**REQUIRED ACTION**. Return the data below exactly, but only from the line containing "استمتع بأناقة باقة" through the line containing "Destinaci u moře", with both of those lines included.

**AVAILABLE RECORDS**.
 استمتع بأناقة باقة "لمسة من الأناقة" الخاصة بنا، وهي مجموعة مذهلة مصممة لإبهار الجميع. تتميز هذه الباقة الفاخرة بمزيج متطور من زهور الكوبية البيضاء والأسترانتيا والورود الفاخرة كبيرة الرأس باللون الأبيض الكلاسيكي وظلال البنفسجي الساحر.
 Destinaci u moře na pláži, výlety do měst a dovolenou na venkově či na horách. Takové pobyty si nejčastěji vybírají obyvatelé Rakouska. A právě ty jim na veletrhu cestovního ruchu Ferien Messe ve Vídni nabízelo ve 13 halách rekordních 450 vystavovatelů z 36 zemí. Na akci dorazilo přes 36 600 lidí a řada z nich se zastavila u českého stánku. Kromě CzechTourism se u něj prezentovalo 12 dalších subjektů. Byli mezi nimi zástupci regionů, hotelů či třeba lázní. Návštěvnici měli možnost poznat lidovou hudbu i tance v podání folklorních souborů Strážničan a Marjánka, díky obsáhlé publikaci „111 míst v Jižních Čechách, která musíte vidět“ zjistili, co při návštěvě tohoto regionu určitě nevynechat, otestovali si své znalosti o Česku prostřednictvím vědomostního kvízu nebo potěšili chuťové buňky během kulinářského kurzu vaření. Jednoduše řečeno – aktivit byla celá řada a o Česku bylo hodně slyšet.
==
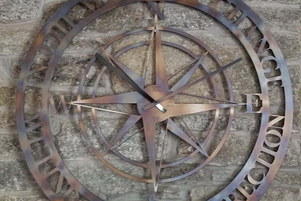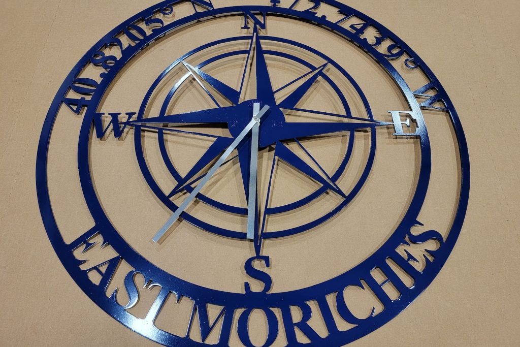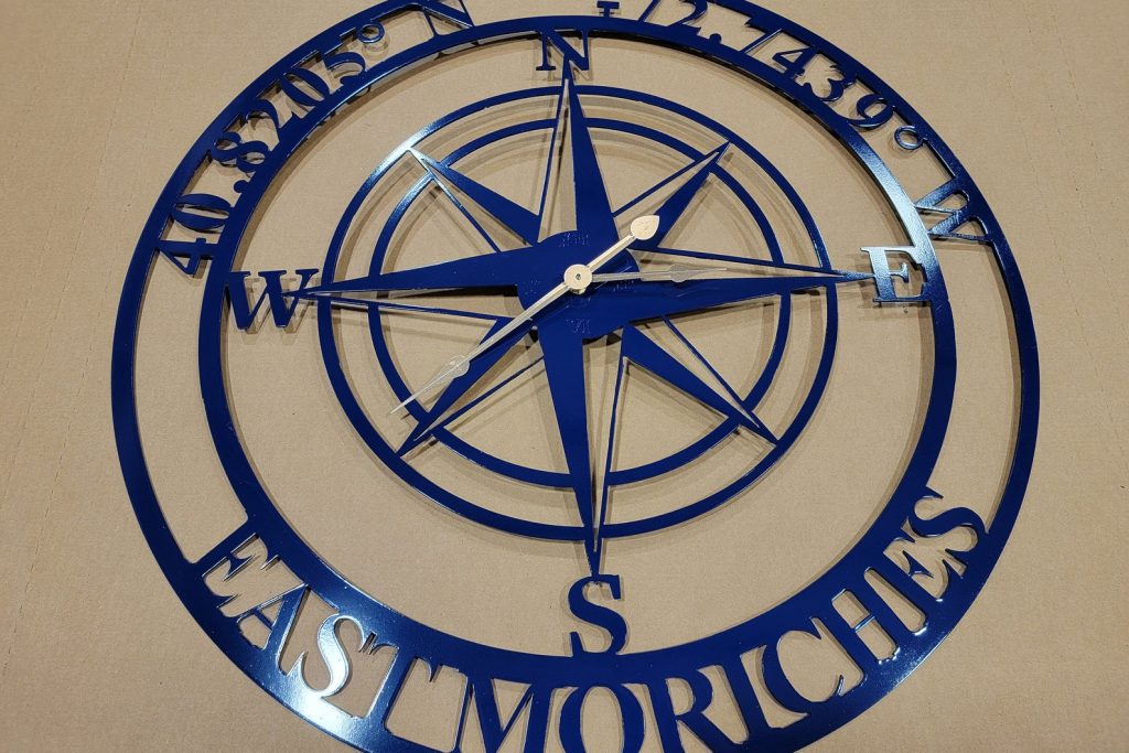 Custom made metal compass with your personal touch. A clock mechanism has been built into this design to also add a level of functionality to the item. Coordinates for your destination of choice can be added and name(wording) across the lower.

**EXERCISE RESPONSE**.
 استمتع بأناقة باقة "لمسة من الأناقة" الخاصة بنا، وهي مجموعة مذهلة مصممة لإبهار الجميع. تتميز هذه الباقة الفاخرة بمزيج متطور من زهور الكوبية البيضاء والأسترانتيا والورود الفاخرة كبيرة الرأس باللون الأبيض الكلاسيكي وظلال البنفسجي الساحر.
 Destinaci u moře na pláži, výlety do měst a dovolenou na venkově či na horách. Takové pobyty si nejčastěji vybírají obyvatelé Rakouska. A právě ty jim na veletrhu cestovního ruchu Ferien Messe ve Vídni nabízelo ve 13 halách rekordních 450 vystavovatelů z 36 zemí. Na akci dorazilo přes 36 600 lidí a řada z nich se zastavila u českého stánku. Kromě CzechTourism se u něj prezentovalo 12 dalších subjektů. Byli mezi nimi zástupci regionů, hotelů či třeba lázní. Návštěvnici měli možnost poznat lidovou hudbu i tance v podání folklorních souborů Strážničan a Marjánka, díky obsáhlé publikaci „111 míst v Jižních Čechách, která musíte vidět“ zjistili, co při návštěvě tohoto regionu určitě nevynechat, otestovali si své znalosti o Česku prostřednictvím vědomostního kvízu nebo potěšili chuťové buňky během kulinářského kurzu vaření. Jednoduše řečeno – aktivit byla celá řada a o Česku bylo hodně slyšet.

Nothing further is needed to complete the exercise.